BEGIN
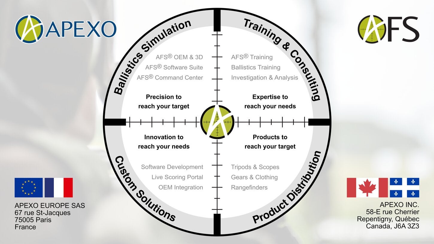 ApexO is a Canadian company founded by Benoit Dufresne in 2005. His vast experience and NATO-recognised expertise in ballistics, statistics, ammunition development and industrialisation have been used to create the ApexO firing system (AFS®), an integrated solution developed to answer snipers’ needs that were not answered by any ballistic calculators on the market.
END
BEGIN
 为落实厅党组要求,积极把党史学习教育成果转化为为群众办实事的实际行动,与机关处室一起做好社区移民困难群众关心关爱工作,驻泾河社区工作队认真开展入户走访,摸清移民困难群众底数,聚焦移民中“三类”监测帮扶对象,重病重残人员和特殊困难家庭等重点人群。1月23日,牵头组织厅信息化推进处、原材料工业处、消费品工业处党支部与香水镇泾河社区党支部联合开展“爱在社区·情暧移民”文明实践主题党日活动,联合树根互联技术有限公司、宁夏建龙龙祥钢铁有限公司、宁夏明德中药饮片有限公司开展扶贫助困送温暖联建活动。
END
BEGIN
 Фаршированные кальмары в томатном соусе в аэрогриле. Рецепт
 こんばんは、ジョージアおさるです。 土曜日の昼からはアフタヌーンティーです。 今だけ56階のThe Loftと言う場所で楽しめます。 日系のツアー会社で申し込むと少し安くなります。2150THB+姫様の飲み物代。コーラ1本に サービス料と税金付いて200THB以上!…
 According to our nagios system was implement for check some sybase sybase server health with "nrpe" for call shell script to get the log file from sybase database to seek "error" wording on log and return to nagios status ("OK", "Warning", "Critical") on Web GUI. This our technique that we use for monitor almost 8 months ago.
END
§ **ASSIGNMENT**:
Among the lines above, find the one with "こんばんは、ジョージアおさるです。 土曜日の昼からはアフタヌーンティーです。 今だけ56階のThe" and the one with "According to our". Quote both and everything between them, exactly.

§ **ANSWER**:
 こんばんは、ジョージアおさるです。 土曜日の昼からはアフタヌーンティーです。 今だけ56階のThe Loftと言う場所で楽しめます。 日系のツアー会社で申し込むと少し安くなります。2150THB+姫様の飲み物代。コーラ1本に サービス料と税金付いて200THB以上!…
 According to our nagios system was implement for check some sybase sybase server health with "nrpe" for call shell script to get the log file from sybase database to seek "error" wording on log and return to nagios status ("OK", "Warning", "Critical") on Web GUI. This our technique that we use for monitor almost 8 months ago.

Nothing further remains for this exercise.